▶ PROBLEM DESCRIPTION
The records below are to be transcribed exactly from their first line to the line that has "Unterstützt von der", inclusive, with every picture omitted.

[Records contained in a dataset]
--------------------------------
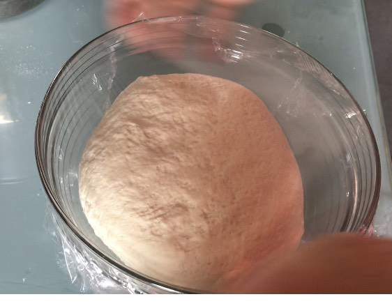 Nachdem Sie den Teig geknetet haben, falten Sie ihn mehrmals mit den Händen und formen Sie eine Kugel, die Sie eine Stunde lang abgedeckt mit Frischhaltefolie gehen lassen.
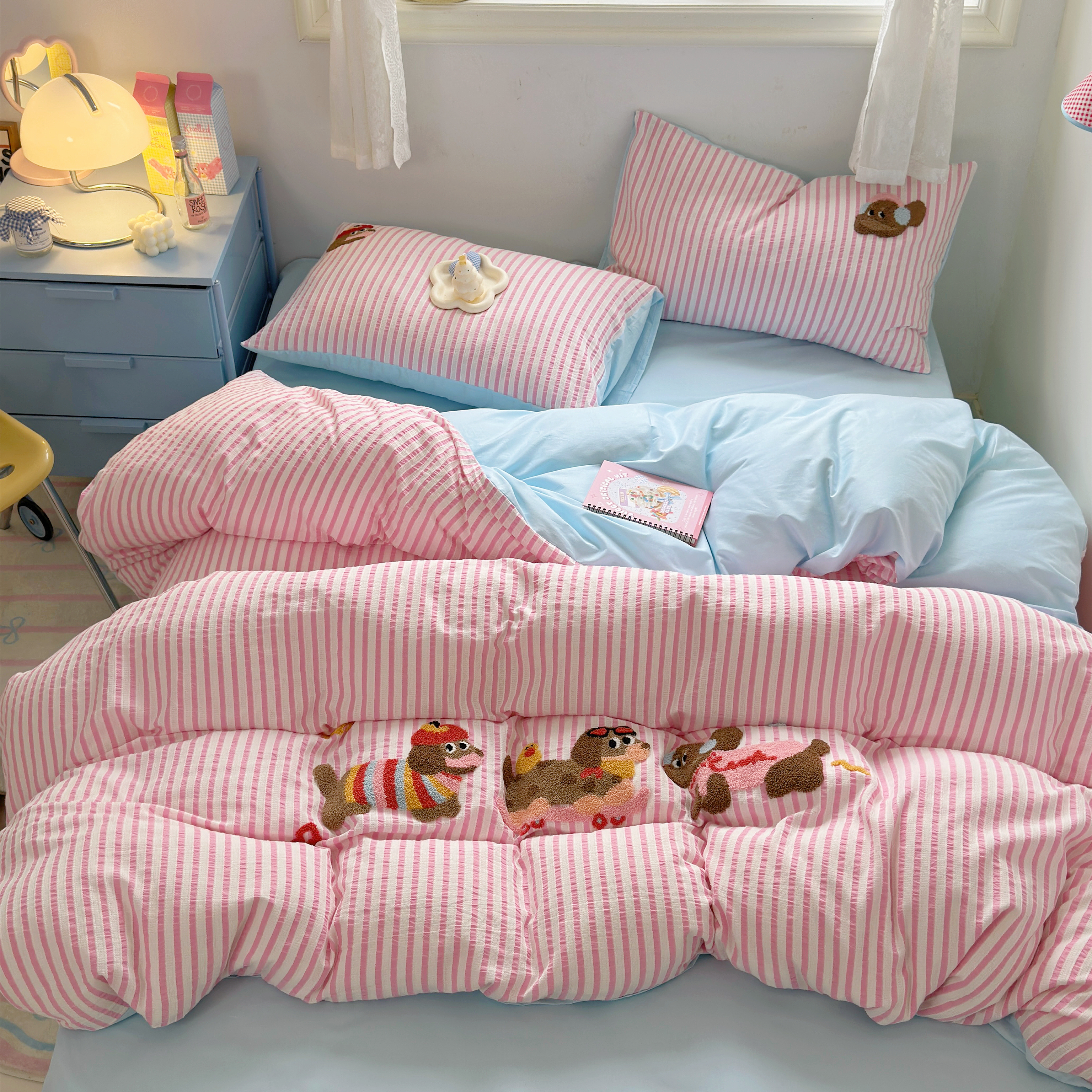 商品名称:珺柔家纺 2025新款全棉水洗棉提花毛巾绣四件套 嘻哈狗
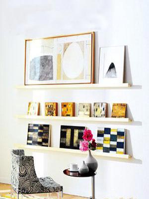 可以用在墻面上釘層板的方法解決掛畫的問題,長度依墻面而定。這樣,你不需要把墻面摧殘得千瘡百孔,還方便根據(jù)心情隨時調(diào)整畫的位置或者更換新購置的作品。畫的擺放要根據(jù)尺寸和內(nèi)容,過于零亂或者死板都影響效果。
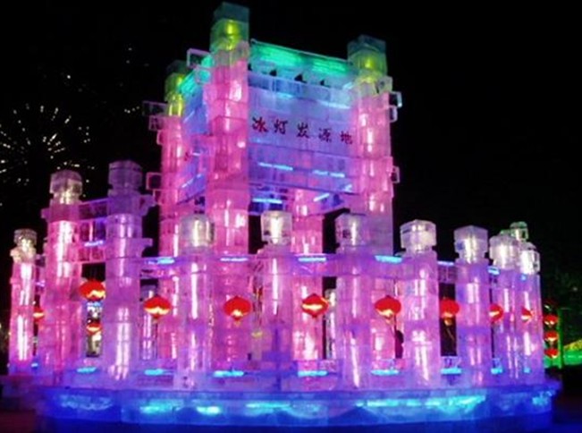 現(xiàn)代獨特的冰質(zhì)造型藝術(shù)與冰景造園藝術(shù),是冰城人開發(fā)利用冰雪資源最為突出的成就之一。它以松花江天然冰、自來水和各種電燈為材料,用砌筑、堆壘、雕刻、噴澆、冷凍和鑲嵌等方法,根據(jù)特定的主題需要和總體布局安排,在不同的園林空間加工出有關(guān)的冰景,冰建筑、冰雕塑、冰 瀑布、冰花壇、冰滑梯、冰書法、冰盆景、冰廣告、冰凍花、冰罩燈,組成若高低錯落、疏密有致的不同景區(qū),形成步步有景、步移景易的冰雪園林,同時配置各種燈光,增加動的成份,輔以音響效果,達到形、光、動、聲的和諧統(tǒng)一。冰燈藝術(shù)是以冰為載體,以燈為靈魂,融繪畫、雕塑、建筑、園林、文學(xué)、音樂等多種藝術(shù)于一身,并可運用光學(xué)、力學(xué)、聲學(xué)及電氣、機械等科學(xué)技術(shù)的新興的造型藝術(shù)。運用這種藝術(shù)形式創(chuàng)造出的珠宮琳館、瓊榭瑤橋、銀雕玉塑、冰山雪嶺、冰凌冰瀑,白晝間千姿百態(tài),晶瑩剔透,入夜后流光溢彩,萬紫千紅,象撲逆迷離的仙山瓊閣,似如夢如幻的水晶宮闕,且年年出新意,歲歲景不同,被稱為"永不重復(fù)的童話世界"。冰雕,即是冰燈中的一個品種,又是一種獨立的藝術(shù)形式。哈爾濱每屆冰雪節(jié)期間,都要分別組織職工、家庭、少年兒童和全國中學(xué)生以及國際性的冰雕比賽,比賽產(chǎn)生的數(shù)百件作品姿態(tài)各異,生動傳神,巧奪天工。
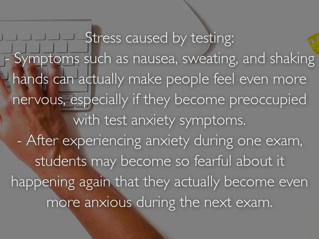 - Symptoms such as nausea, sweating, and shaking hands can actually make people feel even more nervous, especially if they become preoccupied with test anxiety symptoms.
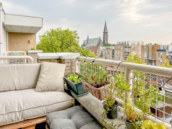 De ruime woonkamer met grote ramen biedt prachtig uitzicht op de Oude Herengracht. Het balkon is toegankelijk vanuit de woonkamer.
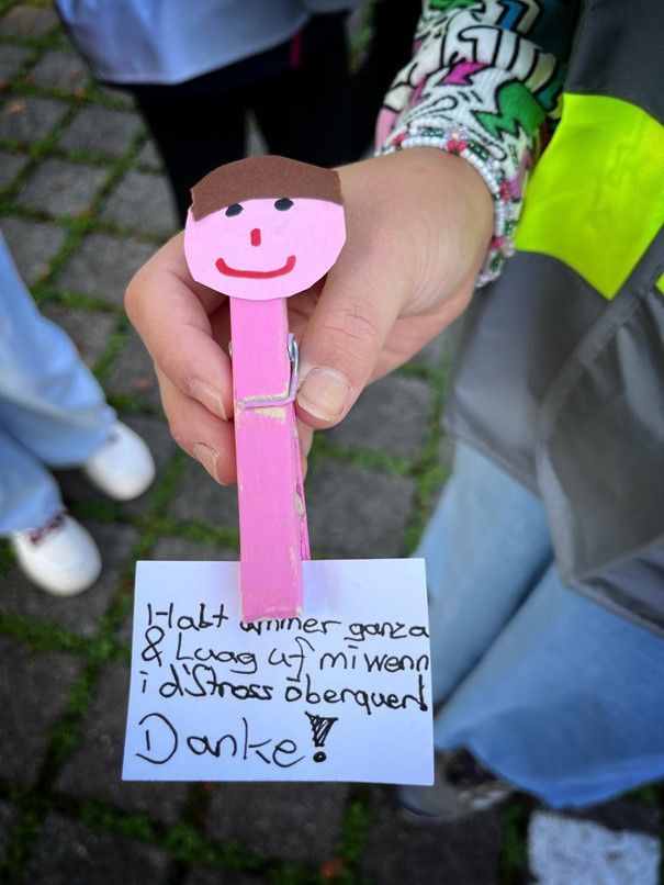 Unterstützt von der Gemeindepolizei wurden vorbeifahrende Autos angehalten und die Fahrerinnen und Fahrer über den Hintergrund der Aktion aufgeklärt. Die Schülerinnen und Schüler überreichten dabei über 200 selbstgebastelte Geschenke sowie einem freundlichen Hinweis zur Aufmerksamkeit im Straßenverkehr:
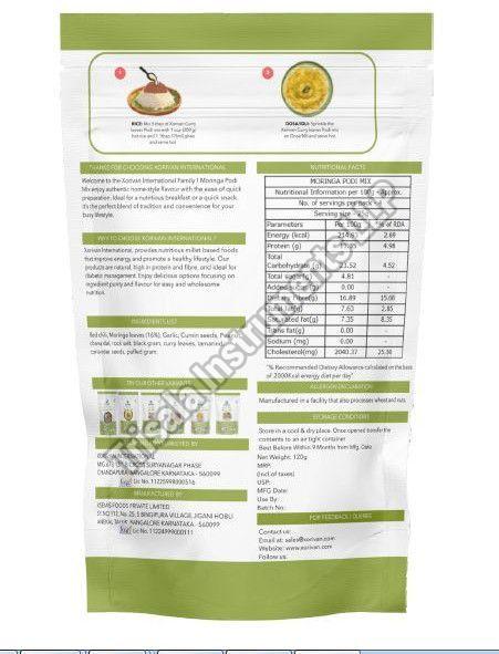 We offer a flavorful Moringa Podi Mix with a spicy kick, perfect for enhancing the taste of your rice dishes. Made with dried Moringa leaves and red chili, this mix has a shelf life of 6-12 months and a net weight of 120g. Store in a cool place to maintain freshness. Packed with vitamins A, this mix provides nutritional benefits. As an exporter, supplier, and trader, we ensure top-quality products for your culinary needs.
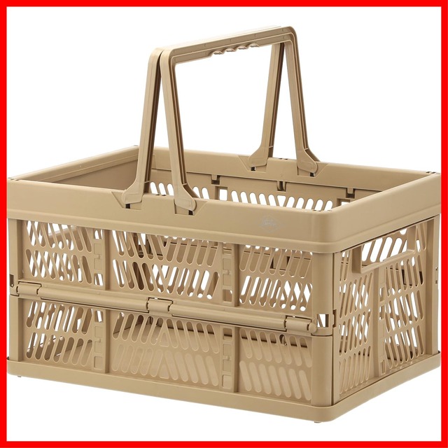 不二貿易 折りたたみ コンテナ かご 幅45×奥行31.5×高さ25㎝ ベージュ 取っ手付き 持ち運び簡単 内容量26L Lサイズ 86451
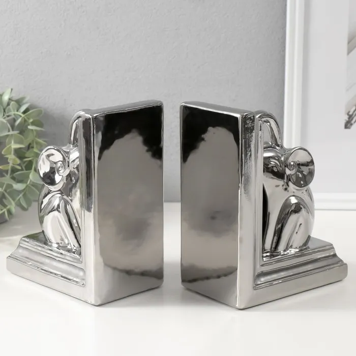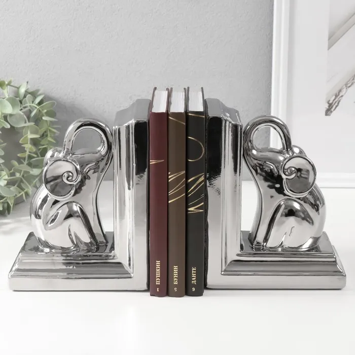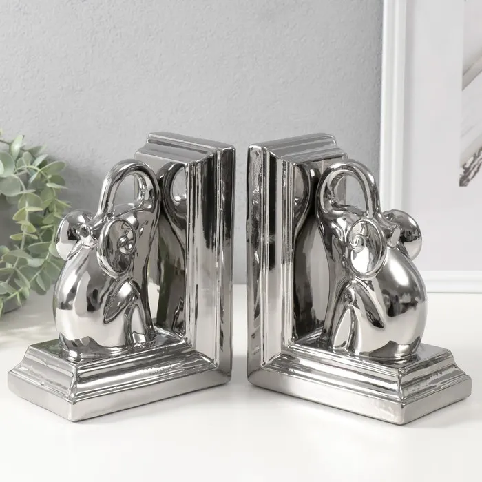 Держатели для книг керамика "Слоны" набор 2 шт серебро 14,5х9х18 см — Характеристики
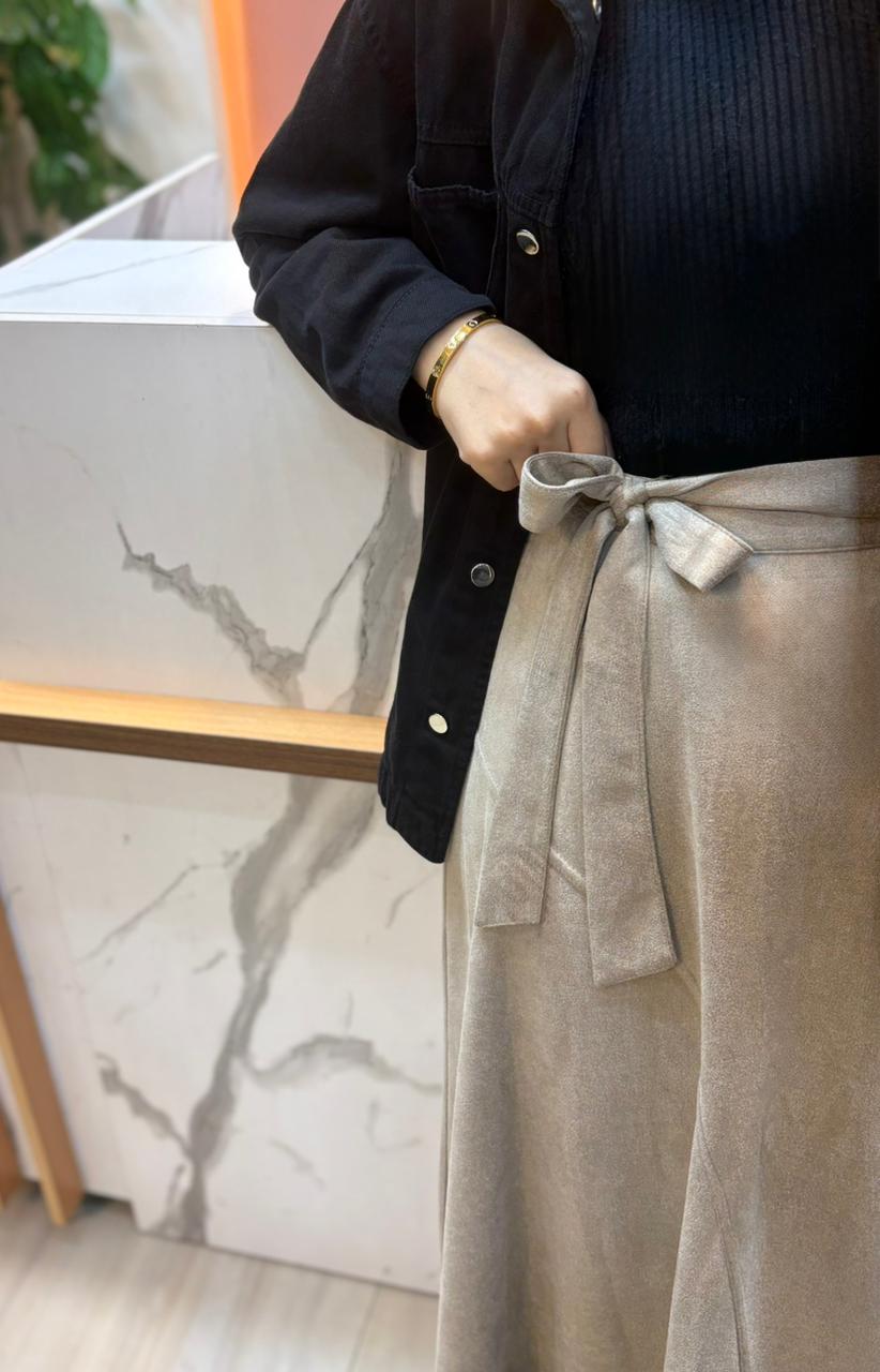 تأتي بقصة الكلوش مع رباط جانبي يضيف لمسة أنثوية أنيقة
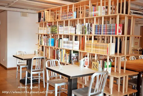 有一個很特別的地方是這裡擺了許多的書架來做區隔,
--------------------------------
▶ OUTPUT FOR THIS TASK
 Nachdem Sie den Teig geknetet haben, falten Sie ihn mehrmals mit den Händen und formen Sie eine Kugel, die Sie eine Stunde lang abgedeckt mit Frischhaltefolie gehen lassen.
 商品名称:珺柔家纺 2025新款全棉水洗棉提花毛巾绣四件套 嘻哈狗
 可以用在墻面上釘層板的方法解決掛畫的問題,長度依墻面而定。這樣,你不需要把墻面摧殘得千瘡百孔,還方便根據(jù)心情隨時調(diào)整畫的位置或者更換新購置的作品。畫的擺放要根據(jù)尺寸和內(nèi)容,過于零亂或者死板都影響效果。
 現(xiàn)代獨特的冰質(zhì)造型藝術(shù)與冰景造園藝術(shù),是冰城人開發(fā)利用冰雪資源最為突出的成就之一。它以松花江天然冰、自來水和各種電燈為材料,用砌筑、堆壘、雕刻、噴澆、冷凍和鑲嵌等方法,根據(jù)特定的主題需要和總體布局安排,在不同的園林空間加工出有關(guān)的冰景,冰建筑、冰雕塑、冰 瀑布、冰花壇、冰滑梯、冰書法、冰盆景、冰廣告、冰凍花、冰罩燈,組成若高低錯落、疏密有致的不同景區(qū),形成步步有景、步移景易的冰雪園林,同時配置各種燈光,增加動的成份,輔以音響效果,達到形、光、動、聲的和諧統(tǒng)一。冰燈藝術(shù)是以冰為載體,以燈為靈魂,融繪畫、雕塑、建筑、園林、文學(xué)、音樂等多種藝術(shù)于一身,并可運用光學(xué)、力學(xué)、聲學(xué)及電氣、機械等科學(xué)技術(shù)的新興的造型藝術(shù)。運用這種藝術(shù)形式創(chuàng)造出的珠宮琳館、瓊榭瑤橋、銀雕玉塑、冰山雪嶺、冰凌冰瀑,白晝間千姿百態(tài),晶瑩剔透,入夜后流光溢彩,萬紫千紅,象撲逆迷離的仙山瓊閣,似如夢如幻的水晶宮闕,且年年出新意,歲歲景不同,被稱為"永不重復(fù)的童話世界"。冰雕,即是冰燈中的一個品種,又是一種獨立的藝術(shù)形式。哈爾濱每屆冰雪節(jié)期間,都要分別組織職工、家庭、少年兒童和全國中學(xué)生以及國際性的冰雕比賽,比賽產(chǎn)生的數(shù)百件作品姿態(tài)各異,生動傳神,巧奪天工。
 - Symptoms such as nausea, sweating, and shaking hands can actually make people feel even more nervous, especially if they become preoccupied with test anxiety symptoms.
 De ruime woonkamer met grote ramen biedt prachtig uitzicht op de Oude Herengracht. Het balkon is toegankelijk vanuit de woonkamer.
 Unterstützt von der Gemeindepolizei wurden vorbeifahrende Autos angehalten und die Fahrerinnen und Fahrer über den Hintergrund der Aktion aufgeklärt. Die Schülerinnen und Schüler überreichten dabei über 200 selbstgebastelte Geschenke sowie einem freundlichen Hinweis zur Aufmerksamkeit im Straßenverkehr:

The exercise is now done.